I’m a sucker for packaging. It’s probably because I’m in the media and headlines are my business. I live for messaging that hooks and reels you in like a caught fish. The right word combo — you’ve got all my attention.
For instance, I ran across The Only Way to Beat Unconscious Biases in the Workplace a few days ago. I mean, come on. That headline is perfect, right?
The article was good too — though the headline was better — it discussed methods talent leaders can use to tackle unconscious bias, specifically HR technology systems. Hint: It has nothing to do with the user experience and everything to do with what the author called, the nudge.
Apparently when the idea of relieving HR processes of bias comes up, technology system decision-makers in the market at-large are often peppered with questions about whether they plan to replace HR with artificial intelligence. I’d wager, aside from companies firmly entrenched in the tech industry, few organizations have any such plan, but I agree with one idea presented in the piece: It pays to take a holistic look at HR, with innovations like machine learning as one facet to consider. You don’t want to lose the human touch, nor do you want to cut HR leaders off from the rich data streams technology provides. Data they can use to make better, more sustainable recruitment and talent-related decisions.

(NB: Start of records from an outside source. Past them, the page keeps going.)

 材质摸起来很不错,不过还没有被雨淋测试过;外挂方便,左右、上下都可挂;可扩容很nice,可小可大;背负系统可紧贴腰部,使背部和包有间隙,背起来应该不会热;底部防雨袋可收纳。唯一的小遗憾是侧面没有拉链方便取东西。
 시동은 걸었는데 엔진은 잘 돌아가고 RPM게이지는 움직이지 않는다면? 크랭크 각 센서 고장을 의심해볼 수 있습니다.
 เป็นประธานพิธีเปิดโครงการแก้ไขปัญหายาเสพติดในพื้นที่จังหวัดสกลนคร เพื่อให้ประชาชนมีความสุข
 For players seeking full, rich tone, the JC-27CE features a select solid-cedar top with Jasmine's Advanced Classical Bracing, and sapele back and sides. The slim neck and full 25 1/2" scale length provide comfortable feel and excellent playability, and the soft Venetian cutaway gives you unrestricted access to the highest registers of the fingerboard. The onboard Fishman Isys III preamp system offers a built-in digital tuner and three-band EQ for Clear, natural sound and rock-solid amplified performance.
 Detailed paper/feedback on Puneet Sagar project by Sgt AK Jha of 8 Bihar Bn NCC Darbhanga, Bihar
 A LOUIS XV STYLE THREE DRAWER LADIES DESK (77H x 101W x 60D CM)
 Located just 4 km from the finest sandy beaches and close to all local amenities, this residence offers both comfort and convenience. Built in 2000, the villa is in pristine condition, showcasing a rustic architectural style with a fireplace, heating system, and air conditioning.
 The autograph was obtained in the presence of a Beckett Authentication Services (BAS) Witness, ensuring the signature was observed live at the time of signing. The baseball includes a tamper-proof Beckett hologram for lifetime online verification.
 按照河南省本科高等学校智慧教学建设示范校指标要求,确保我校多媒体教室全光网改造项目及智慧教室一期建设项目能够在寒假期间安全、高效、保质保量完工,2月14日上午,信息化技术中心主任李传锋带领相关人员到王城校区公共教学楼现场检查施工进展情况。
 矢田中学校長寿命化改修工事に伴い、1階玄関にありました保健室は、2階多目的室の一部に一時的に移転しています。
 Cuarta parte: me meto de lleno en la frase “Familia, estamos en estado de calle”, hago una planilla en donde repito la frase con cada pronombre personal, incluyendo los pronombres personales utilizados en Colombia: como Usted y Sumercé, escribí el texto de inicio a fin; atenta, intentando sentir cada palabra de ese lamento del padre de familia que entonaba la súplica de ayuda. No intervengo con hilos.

But it was the suggestion that CDOs are poorly positioned in the HR decision-making hierarchy that really caught my eye. Patti Fletcher, leadership futurist and solution management at SAP SuccessFactors, “said that while chief diversity officers are on the rise, that hasn’t necessarily translated into measurable results … designated diversity leaders rarely have a seat at the table when it comes to human capital management technology purchasing decisions.”
Technology is ubiquitous in the modern workplace. Successful organizations have made gadgetry another kind of employee in areas throughout the employee lifecycle. Talent leaders of all kinds rely on systems to do their jobs: hiring, recruitment, retention, engagement, promotion, succession planning, etc. If diversity leaders can’t influence technology purchasing decisions in the context of talent or people strategy, that’s a huge disconnect.
It also brings up a few questions:
- How dialed in is the CDO with the company’s overall talent/HR strategy?
- Is the CDO an active partner working closely with talent leaders to ensure that systems and processes promote a diverse and inclusive workforce that is as free from bias as possible?
- If not, why not?
- What is their sphere of influence? Who do they report to? Who holds their ear?
But back to the nudge. “We know the blame and shame game doesn’t work when it comes to addressing bias,” said Fletcher. “We’re finding out what does work is the nudge factor. There are 150 unconscious biases in play at our brain at any given time, and technology can literally interrupt decisions, nudging hiring managers to align with the company’s diversity and inclusion goals.”
Good grief. How can there be 150 unconscious biases in our brains at any given time? That’s just, wow. They can’t mean all at once. I couldn’t name that many biases if you paid me. But if you ever had a doubt that you have been or will at some point fall prey to bias, that number should give you significant pause.
“This is not about replaying the old human vs. machine tapes,” Fletcher explained. “When technology can take everything about someone — credentials, experience, cultural fit — and find the ideal match based on what the machine has learned about what it takes to be successful at your business, this fundamentally changes the role of HR.”
And it goes without saying, it makes things more complicated. That’s why it’s so important that diversity and talent leaders work together to untangle the best ways to find, assess, keep and promote talent. Diversity, inclusion and talent are not ideas that can be kept separate. If these silos exist, I bet that organization’s diversity plan is more of an idea than it is a strategy. Unless diversity is a sop, which is infinitely worse.
Whether it’s using technology to promote the nudge, being more thoughtful about the wording in job postings, or any of the other hundred HR-diversity related tasks leaders face each day — lean on the people who have made diversity and inclusion their business. Pick their brains. Ask their opinion. Loop them in. If you have a diversity leader, that’s what they’re there for. If you don’t use them as a resource, what’s the point?